Über die Verschärfungen der Regeln hatte jüngst auch die Deutsche Welle berichtet. Gerade Paraguay sei seit 2015 zum „Mekka für Demokratiefeinde und Verschwörungstheoretiker aus Deutschland“ geworden. Deutsche stellen dort nach Menschen aus Brasilien oder Argentinien die drittgrößte Einwanderergruppe. Ein politisch eher linksliberales Pärchen, das sich vor Ort für den Umweltschutz einsetzt, berichtete dem Sender von verschiedenen Wellen. Zuerst seien es Reichsbürger gewesen, seit Corona nun auch „sehr viele Heilpraktiker, Wunderheiler und rechte Impfgegner.“

Paraguay, Philippinen, Türkei

Das Paar berichtet auch von zunehmenden Bedrohungen. Die politisch rechten Aktivisten würden mit wildesten Versprechungen Gleichgesinnte anlocken. Die Realität schaue aber gerade für Pandemieleugner dort längst anders aus, etwa Maskenpflicht in Innenräumen und drakonische Strafen weit über dem deutschen Niveau. Und während Deutsche wegen der Ablehnung der Impfung ins Land kämen, warten Einheimische laut Artikel sehnsüchtig auf Impftermine im von Corona gebeutelten Land.

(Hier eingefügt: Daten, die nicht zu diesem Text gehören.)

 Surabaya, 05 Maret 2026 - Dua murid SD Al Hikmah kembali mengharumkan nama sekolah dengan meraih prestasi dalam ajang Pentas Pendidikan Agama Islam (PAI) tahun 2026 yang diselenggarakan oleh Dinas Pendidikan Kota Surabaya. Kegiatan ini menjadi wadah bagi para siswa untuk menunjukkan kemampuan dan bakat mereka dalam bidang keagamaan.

Ins Ausland abgesetzt hatten sich zum Schutz vor Strafverfolgung etwa Attila Hildmann, wohl gewarnt durch einen Maulwurf in der Justiz. Ein anderer Einpeitscher, der Verschwörungsideologe und Qanon-Anhänger, Oliver Janich, lebt seit Längerem auf den Philippinen. Auch auf ihn dürften in Deutschland einige Verfahren warten. Er hatte am Tag der Amtseinführung des neuen US-Präsidenten auf seinem Telegram-Kanal gefordert: „Hängt Biden. Hängt Soros. Hängt sie alle, verdammt nochmal.“

Ebenfalls im Januar 2021 fand Janich, alle Bundestagsabgeordneten, die für eine bestimmte Verfassungsänderung stimmen würden, sollten hingerichtet werden. Anlass für die Forderung war die gemeldete Einigung von Union und SPD, Kinderrechte in das Grundgesetz aufzunehmen. Auch im Dezember 2021 wollte er alle Regierungsmitglieder standrechtlich hingerichtet wissen.